Begitupun Agasta, ia merasa ada yang tidak beres dengan dirinya ketika Lea memeluknya. Ia seperti merasakan sesuatu yang tidak bisa diungkapkan.

Saat sampai di rumah, Lea membenarkan rambutnya yang sangat berantakan. "Kunciran favorit gue terbang gara-gara lo, ah!" Lea berdecak kesal.

Agasta memarkirkan motornya di garasi, "Emang gue peduli? Kunciran goceng tiga aja favorit, dih."

"Tau ah, nyebelin lo." Lea hendak pergi, namun ia kembali karena melupakan sesuatu. "Makasih karena udah ngajarin gue, maaf juga karena main meluk lo aja tadi." Lea langsung berlari ke kamarnya. Malu, sudah pasti. Di sepanjang jalan tadi Lea memang terus saja memeluk Agasta karena Agasta yang membawa motor seperti orang yang mengajak ke alam baka.

Saat Lea masuk ke rumahnya, ia mendapati Mamanya yang tengah menuangkan air ke gelas. "Kamu kemana sih, sampe malem banget gini. Tadi katanya cuma mau keluar sebentar sama Agasta, tapi malah sampe malam gini."

Lea menaiki tangga, "Itu Kak Agasta minta di kafe Gloria aja katanya, yaudah deh jadi malem begini." Lea memutar kenop pintunya, "Good night, Ma."

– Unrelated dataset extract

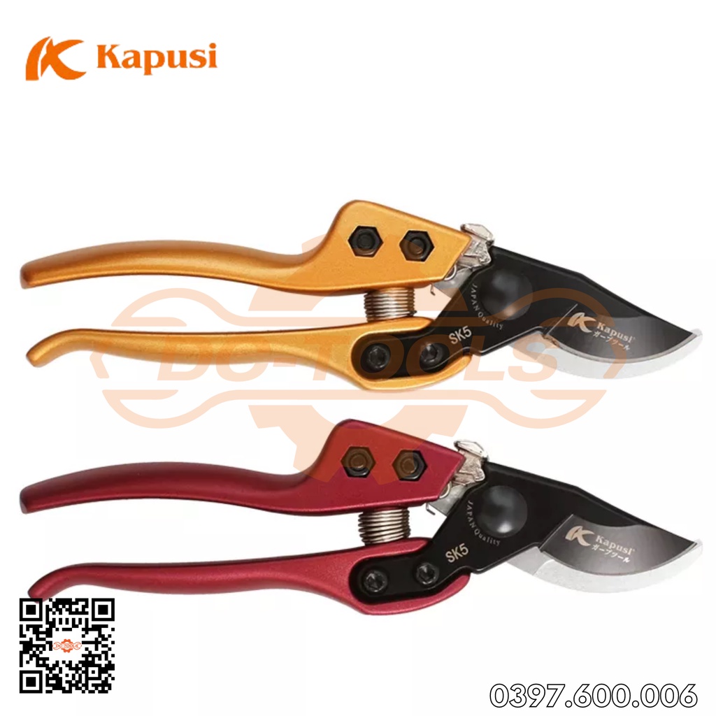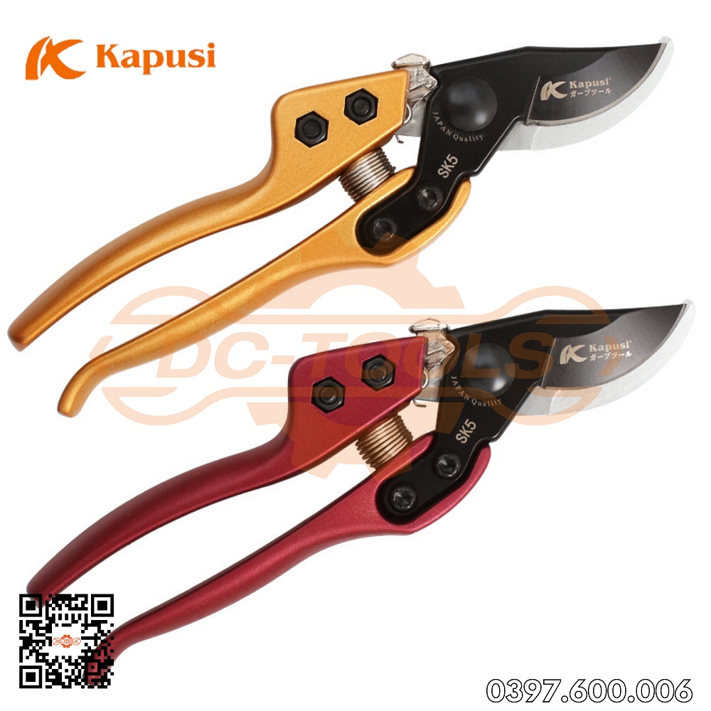 Kéo Cắt Cành, Tỉa Cây Cảnh Kapusi Japan Nhật Bản lưỡi thép SK-5 Vàng Và Tím K-8642 - siêu sắc chuyên dụng Đồ Nghề DC

Gadis itu meletakkan tasnya di atas meja belajar, ia membuka pintu balkon dan menghirup udara malam yang tampak segar. Lea kembali merasakan rasa hangat saat tadi ia memeluk Agasta, rasa yang sepertinya pernah ia rasakan. Tapi, apa mungkin Lea pernah bertemu dengan Agasta di masa lalu?

Lea menatap jendela balkon kamar Agasta yang tampak remang-remang, bahkan ia bisa melihat bayangan Agasta yang tengah membuka baju di dalam sana.

"Di satu sisi, gue ngerasa De Javu sama pelukan tadi. Tapi di sisi lain, gue ngerasa takut buat deket-deket sama lo, Kak. Karena, banyak banget orang yang nggak suka gue deket sama lo."